Prior to his appointment to TSRI's faculty in 1997, Schimmel was the John D. and Catherine T. MacArthur Professor of Biochemistry and Biophysics at Massachusetts Institute of Technology. A member of the National Academy of Sciences, he is the author or co-author of many scientific papers

and of a widely used three-volume textbook on biophysical chemistry. He was a recipient of the Alfred P. Sloan Fellowship, the American Chemical Society's Pfizer Award in Enzyme Chemistry, and was elected to membership in the American Academy of Arts and Sciences and the American Philosphical Society. He has been active in many scientific and academic organizations and committees, including service as Chairman of the Division of Biological Chemistry of the American Chemical Society and as an editorial board member of ten different scientific journals.

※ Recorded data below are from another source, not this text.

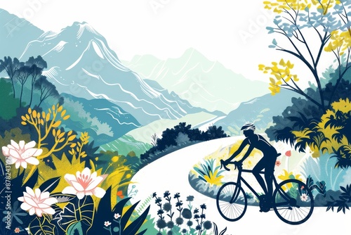 A cyclist rides on a winding path surrounded by lush greenery, promoting eco-friendly transportation. The serene atmosphere highlights the importance of reducing carbon footprint.
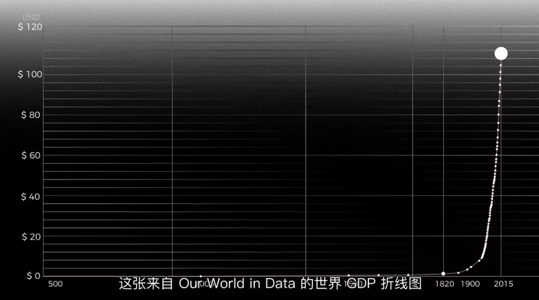 这张来自 Our World in Data 的世界 GDP 折线图告诉我们,很长一段时间,人类 GDP 接近一条横线,非常缓慢。直到 18 世纪,横线开始往上翘,几乎翘长了一条直线,而且目前似乎都没有停下来的趋势。
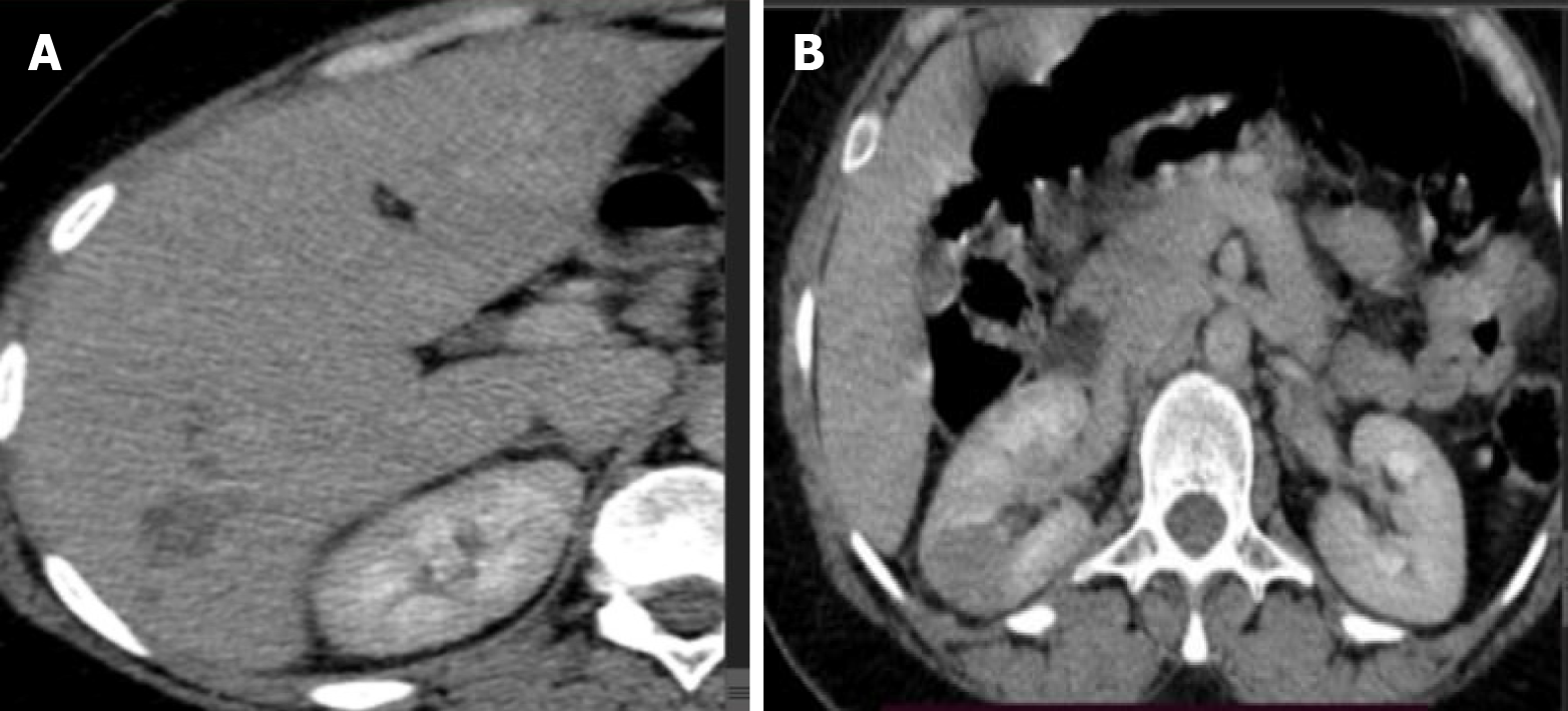 A and B: The above computed tomography image showed hepatic segment 6 small subcapsular hypodense lesion with peripheral enhancement likely Fasciola hepatica (the hepatic lesions on segment 6 were clusters of oval hypodense nodules with peripheral enhancement where there is also mild biliary tree dilatation) (A). Multiple hyperdense lesions were also seen on both kidney’s (B).

Having a longstanding interest in the applications of basic biomedical research to human health, Schimmel holds several patents and is a co-founder of four biotechnology companies. These companies are developing new therapies for human diseases and disorders. He is a graduate of Ohio Wesleyan University and holds a Ph.D. from Massachusetts Institute of Technology.

The Biophysical Society is a professional, scientific society established to encourage development and dissemination of knowledge in biophysics. Since its founding in 1956, the Society has grown to nearly 6,000 members located throughout the U.S. and the world. Its members teach and conduct research in colleges, universities, laboratories, government agencies and industry.